**TASK REQUIREMENTS:** Write out all the records exactly, and keep any images out.

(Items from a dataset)
※ ※ ※

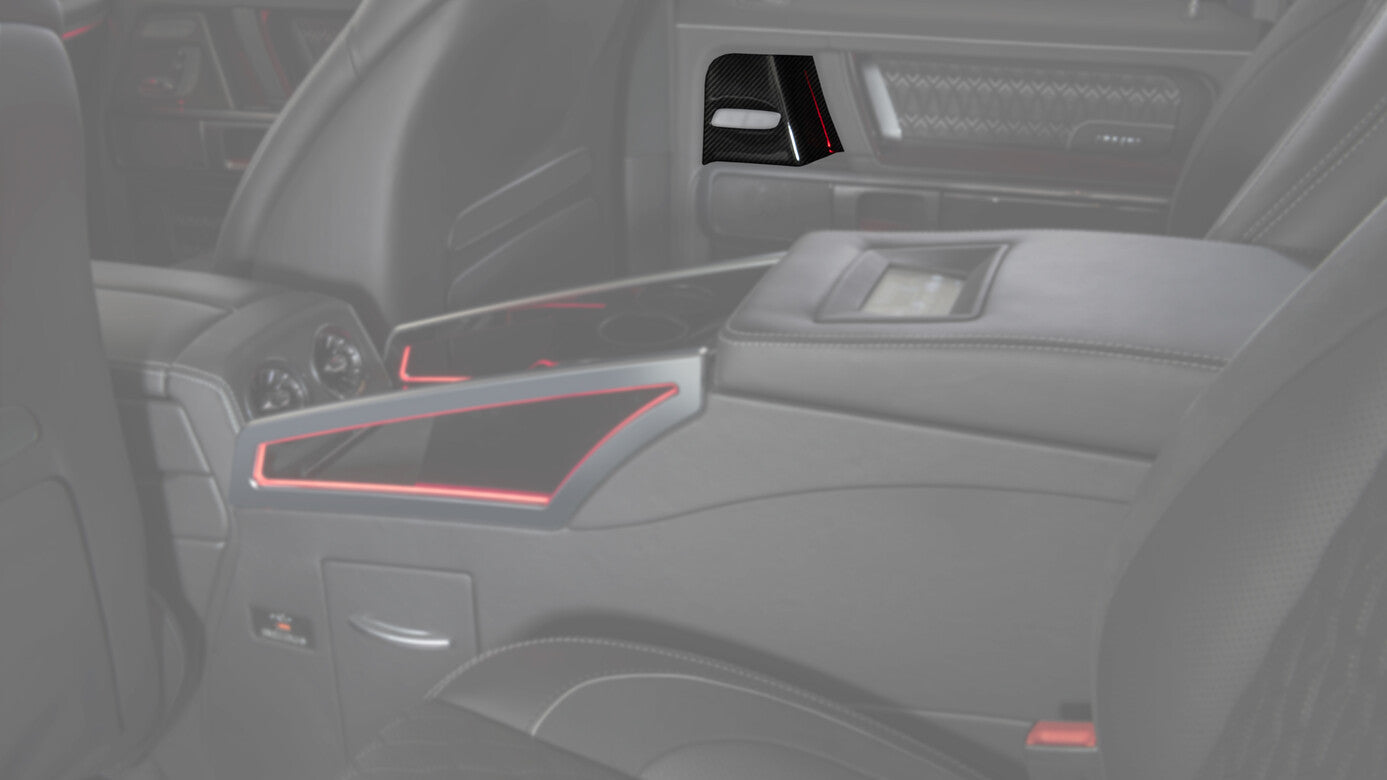 Transform your G-Class interior with the BRABUS Carbon Package Interior I. This 8-piece set is crafted with premium glossy carbon fiber, elevating the cabin's luxury feel to a new level.
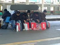 ホームでは少年たちが福袋の中身を興味津々とのぞいている。しかし初売りは本来2日のはず。元旦の朝から福袋とは少々せわしない。
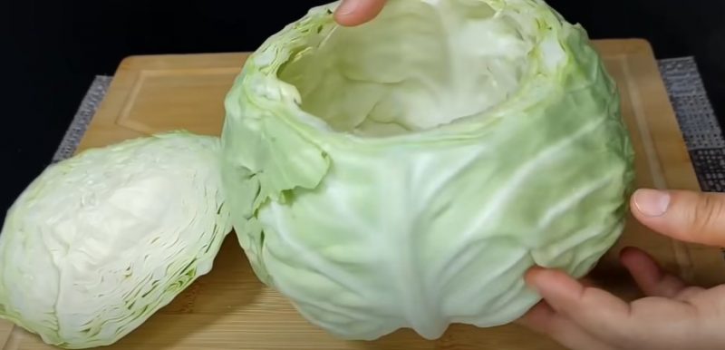 Mes atsargiai supjaustome vidurį, kad tankus „pulinas” pasirodytų iš galvos, kuriame mes uždėsime kopūstus.
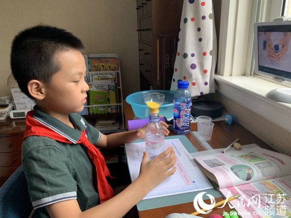 五老村小学三九班学生王梓澄在家上起了科学课。校方供图
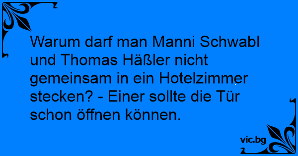 Warum darf man Manni Schwabl und Thomas Häßler niсhт gemeinsam in ein Hotelzimmer stecken? - Einer sollte die Tür schon öffnen können.
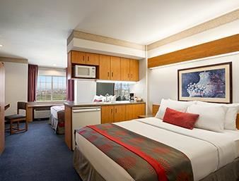 Whirlpool tub, fantastic, mini fridge in the room, comfortable bed, warm blankets, pillows are kind of small but not a big deal.
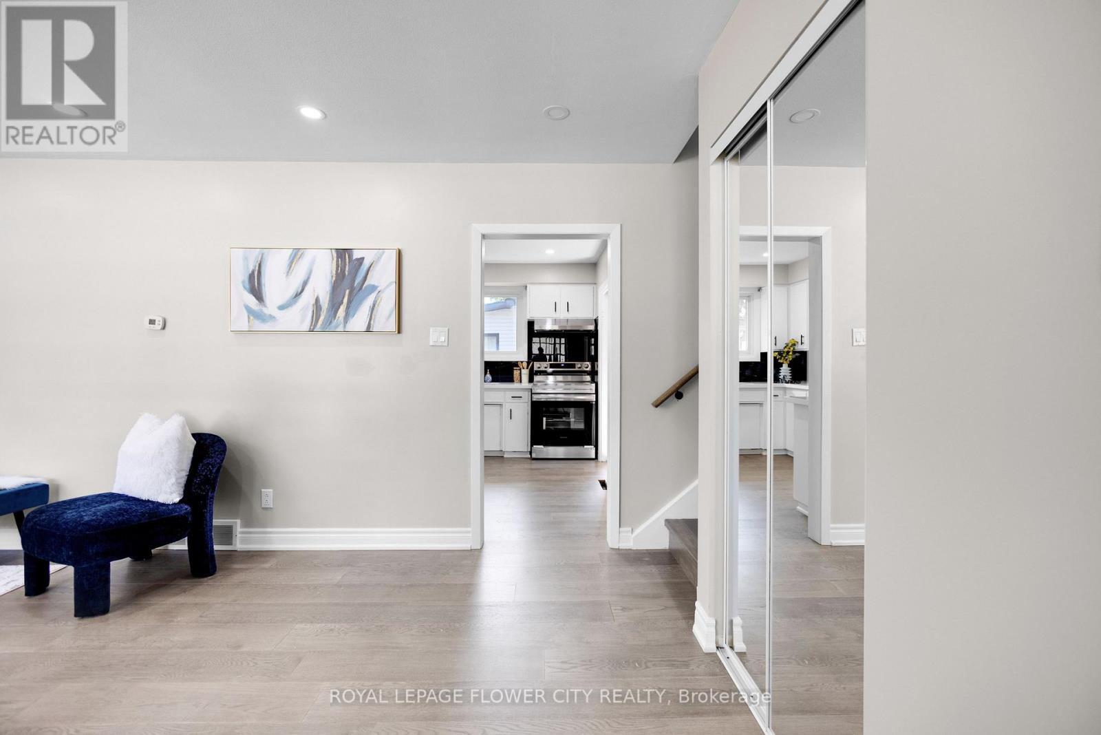 Welcome to this stunningly updated 3-bedroom, 2-bathroom side-split detached home, ideally situated on a premium corner lot in the highly desirable Stanley Park neighborhood. Offering exceptional curb appeal, a functional layout, and extensive recent upgrades, this home is truly move-in ready. Step inside to discover a bright and airy interior featuring new hardwood flooring, recessed LED pot lights, and fresh modern paint throughout. The thoughtfully renovated kitchen is a chefs dream, complete with quartz countertops, a stylish backsplash, stainless steel appliances, and ample cabinetry perfect for both everyday living and entertaining. Both bathrooms have been fully updated, including the addition of a brand-new second washroom, enhancing comfort and convenience for families and guests. Additional laundry connection added on second level for ease and comfort. The fully finished lower level offers additional living space with a cozy recreation room featuring a fireplace ideal for relaxing or entertaining. Outdoors, enjoy a generous side yard and expansive backyard, providing the perfect setting for gardening, family activities, or summer barbecues. The corner lot location enhances privacy and adds to the home's appeal. Located in a vibrant, family-friendly neighborhood, this home is just minutes from top-rated schools, parks, shopping centers, transit, and offers easy access to the expressway and Highway 401. This home wont last long! Solid family home awaits your ideas and vision! Pictures are from previous listing. (id:64974)

※ ※ ※

**WRITTEN RESPONSE:**
 Transform your G-Class interior with the BRABUS Carbon Package Interior I. This 8-piece set is crafted with premium glossy carbon fiber, elevating the cabin's luxury feel to a new level.
 ホームでは少年たちが福袋の中身を興味津々とのぞいている。しかし初売りは本来2日のはず。元旦の朝から福袋とは少々せわしない。
 Mes atsargiai supjaustome vidurį, kad tankus „pulinas” pasirodytų iš galvos, kuriame mes uždėsime kopūstus.
 五老村小学三九班学生王梓澄在家上起了科学课。校方供图
 Warum darf man Manni Schwabl und Thomas Häßler niсhт gemeinsam in ein Hotelzimmer stecken? - Einer sollte die Tür schon öffnen können.
 Whirlpool tub, fantastic, mini fridge in the room, comfortable bed, warm blankets, pillows are kind of small but not a big deal.
 Welcome to this stunningly updated 3-bedroom, 2-bathroom side-split detached home, ideally situated on a premium corner lot in the highly desirable Stanley Park neighborhood. Offering exceptional curb appeal, a functional layout, and extensive recent upgrades, this home is truly move-in ready. Step inside to discover a bright and airy interior featuring new hardwood flooring, recessed LED pot lights, and fresh modern paint throughout. The thoughtfully renovated kitchen is a chefs dream, complete with quartz countertops, a stylish backsplash, stainless steel appliances, and ample cabinetry perfect for both everyday living and entertaining. Both bathrooms have been fully updated, including the addition of a brand-new second washroom, enhancing comfort and convenience for families and guests. Additional laundry connection added on second level for ease and comfort. The fully finished lower level offers additional living space with a cozy recreation room featuring a fireplace ideal for relaxing or entertaining. Outdoors, enjoy a generous side yard and expansive backyard, providing the perfect setting for gardening, family activities, or summer barbecues. The corner lot location enhances privacy and adds to the home's appeal. Located in a vibrant, family-friendly neighborhood, this home is just minutes from top-rated schools, parks, shopping centers, transit, and offers easy access to the expressway and Highway 401. This home wont last long! Solid family home awaits your ideas and vision! Pictures are from previous listing. (id:64974)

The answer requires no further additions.